TASK GOAL: Copy exactly the lines of the data below, beginning with the line with "Voal din matase" and ending with the line with "A Georgia Bulldogs". Pictures are to be omitted.

::: DATA RECORDS :::

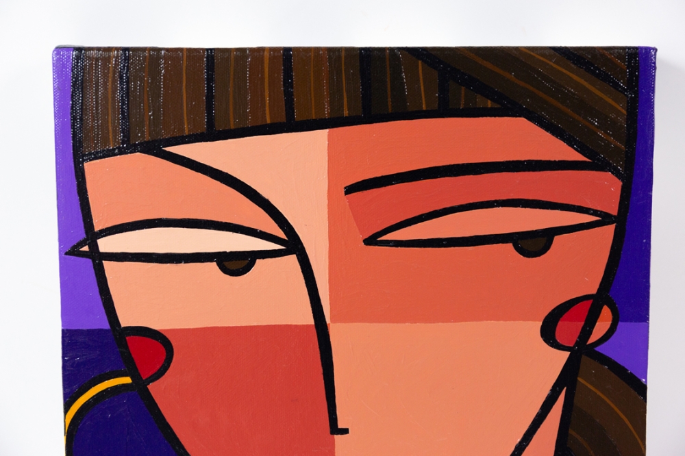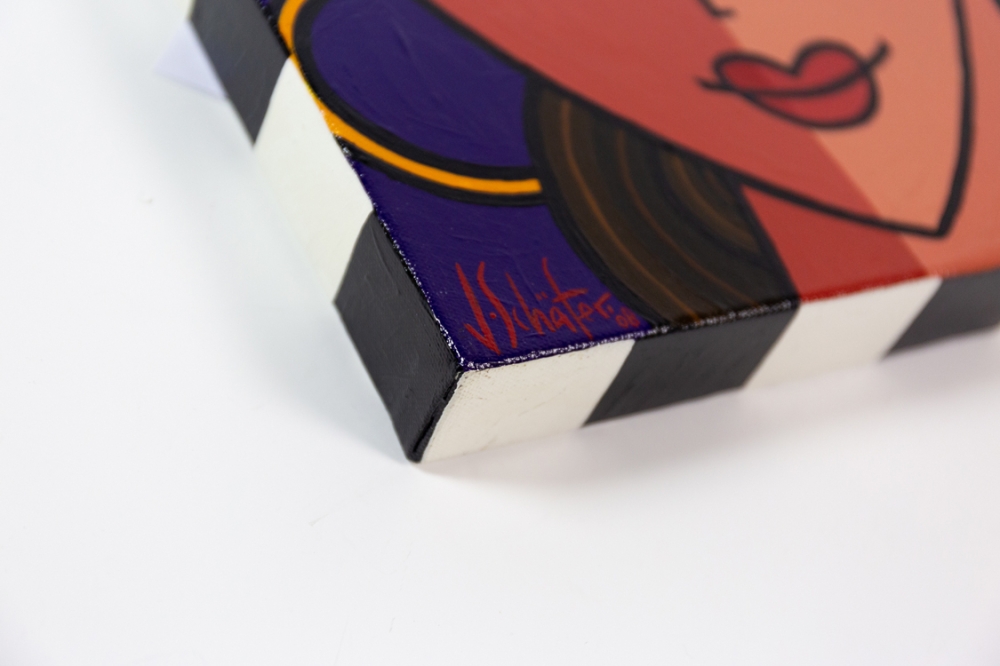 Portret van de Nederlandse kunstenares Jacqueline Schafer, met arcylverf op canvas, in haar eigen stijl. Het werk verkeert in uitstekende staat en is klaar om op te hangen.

:::
::: DATA RECORDS :::

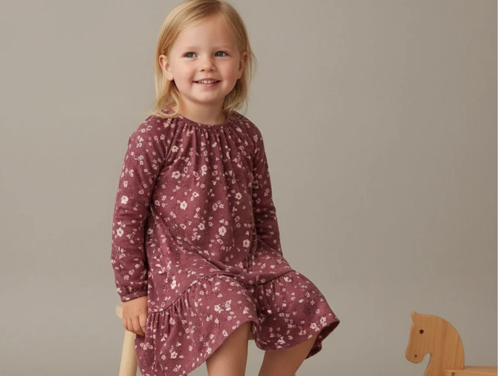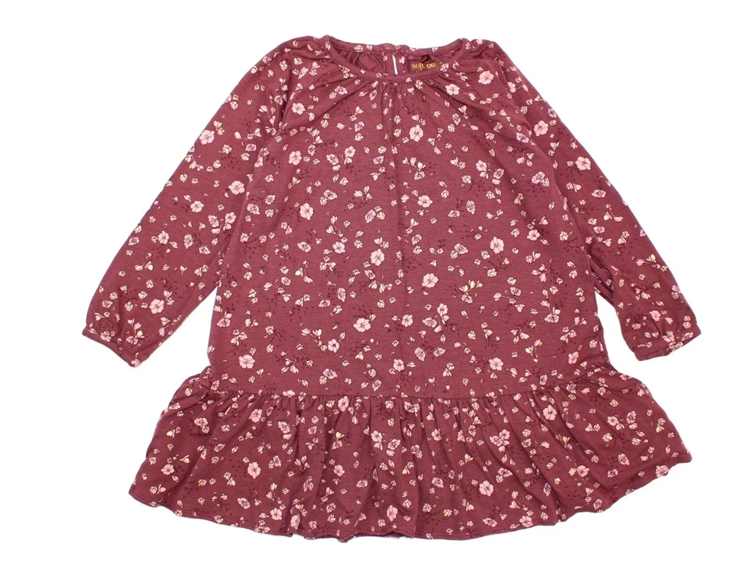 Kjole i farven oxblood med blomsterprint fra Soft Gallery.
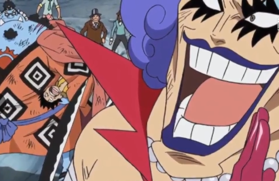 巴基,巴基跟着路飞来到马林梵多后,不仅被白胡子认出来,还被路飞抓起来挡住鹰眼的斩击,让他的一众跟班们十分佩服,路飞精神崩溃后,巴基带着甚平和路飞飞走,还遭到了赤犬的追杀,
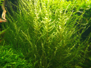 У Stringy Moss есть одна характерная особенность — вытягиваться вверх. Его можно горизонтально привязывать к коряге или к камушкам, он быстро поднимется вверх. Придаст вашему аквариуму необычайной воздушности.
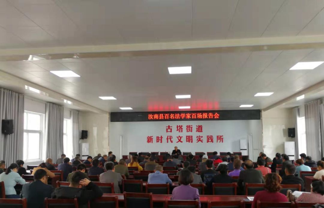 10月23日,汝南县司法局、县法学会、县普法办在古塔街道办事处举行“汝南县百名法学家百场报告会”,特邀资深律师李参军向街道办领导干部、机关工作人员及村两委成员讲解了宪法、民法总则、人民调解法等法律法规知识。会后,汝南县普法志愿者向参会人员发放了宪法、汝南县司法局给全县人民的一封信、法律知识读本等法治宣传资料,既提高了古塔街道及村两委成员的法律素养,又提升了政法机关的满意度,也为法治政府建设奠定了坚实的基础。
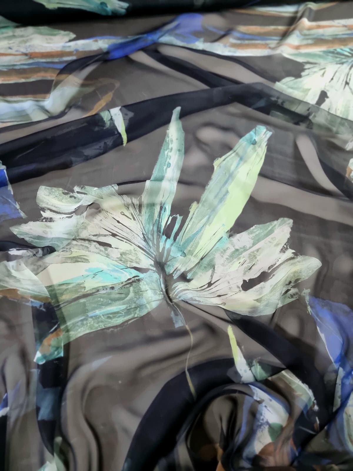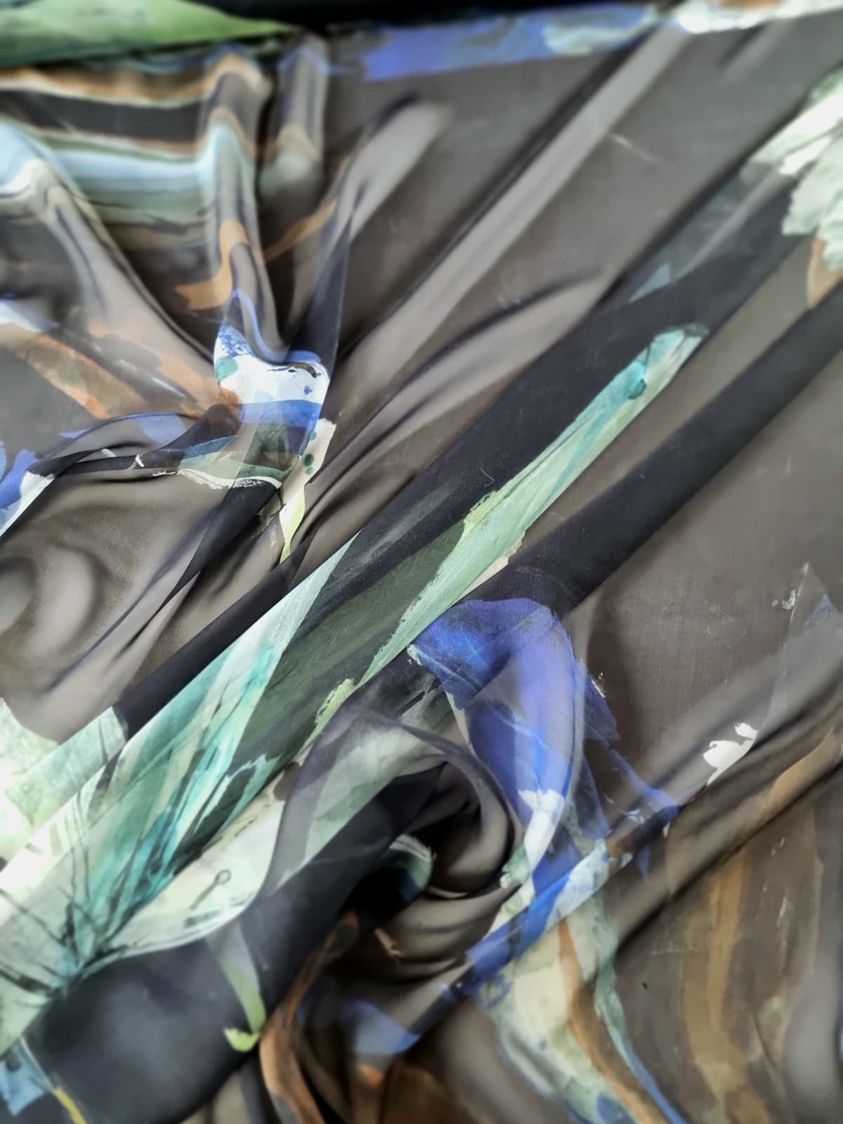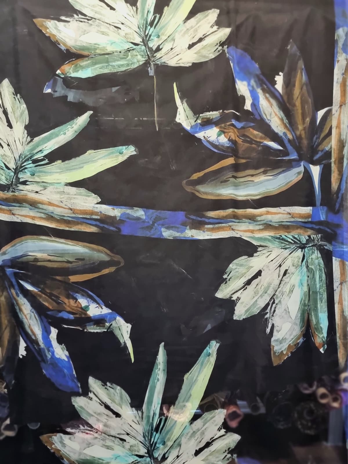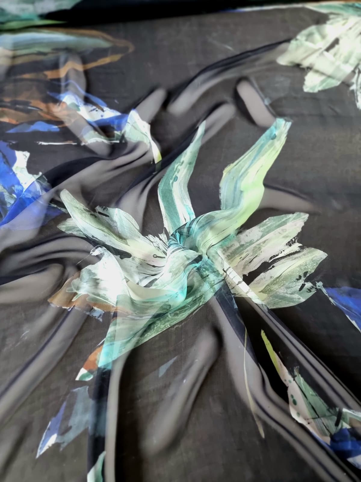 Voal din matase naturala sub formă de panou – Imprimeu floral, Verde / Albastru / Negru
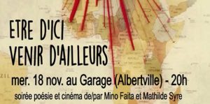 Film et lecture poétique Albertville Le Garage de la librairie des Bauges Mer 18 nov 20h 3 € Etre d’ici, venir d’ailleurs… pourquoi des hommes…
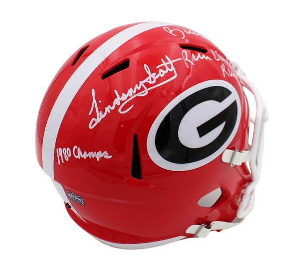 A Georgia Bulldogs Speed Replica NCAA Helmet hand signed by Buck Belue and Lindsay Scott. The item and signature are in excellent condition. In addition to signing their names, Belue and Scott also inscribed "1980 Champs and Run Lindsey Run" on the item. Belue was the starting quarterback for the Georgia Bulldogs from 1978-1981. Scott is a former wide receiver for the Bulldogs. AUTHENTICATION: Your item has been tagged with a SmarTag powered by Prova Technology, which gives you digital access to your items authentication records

:::
::: DATA RECORDS :::

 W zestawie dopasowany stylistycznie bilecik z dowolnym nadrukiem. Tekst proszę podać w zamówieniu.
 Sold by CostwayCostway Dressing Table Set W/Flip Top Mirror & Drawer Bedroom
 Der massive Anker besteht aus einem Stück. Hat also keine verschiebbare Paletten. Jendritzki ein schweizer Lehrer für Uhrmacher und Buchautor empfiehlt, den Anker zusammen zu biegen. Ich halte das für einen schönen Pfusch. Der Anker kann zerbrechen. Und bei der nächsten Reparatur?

:::

WRITTEN ANSWER:
 Voal din matase naturala sub formă de panou – Imprimeu floral, Verde / Albastru / Negru
 Film et lecture poétique Albertville Le Garage de la librairie des Bauges Mer 18 nov 20h 3 € Etre d’ici, venir d’ailleurs… pourquoi des hommes…
 A Georgia Bulldogs Speed Replica NCAA Helmet hand signed by Buck Belue and Lindsay Scott. The item and signature are in excellent condition. In addition to signing their names, Belue and Scott also inscribed "1980 Champs and Run Lindsey Run" on the item. Belue was the starting quarterback for the Georgia Bulldogs from 1978-1981. Scott is a former wide receiver for the Bulldogs. AUTHENTICATION: Your item has been tagged with a SmarTag powered by Prova Technology, which gives you digital access to your items authentication records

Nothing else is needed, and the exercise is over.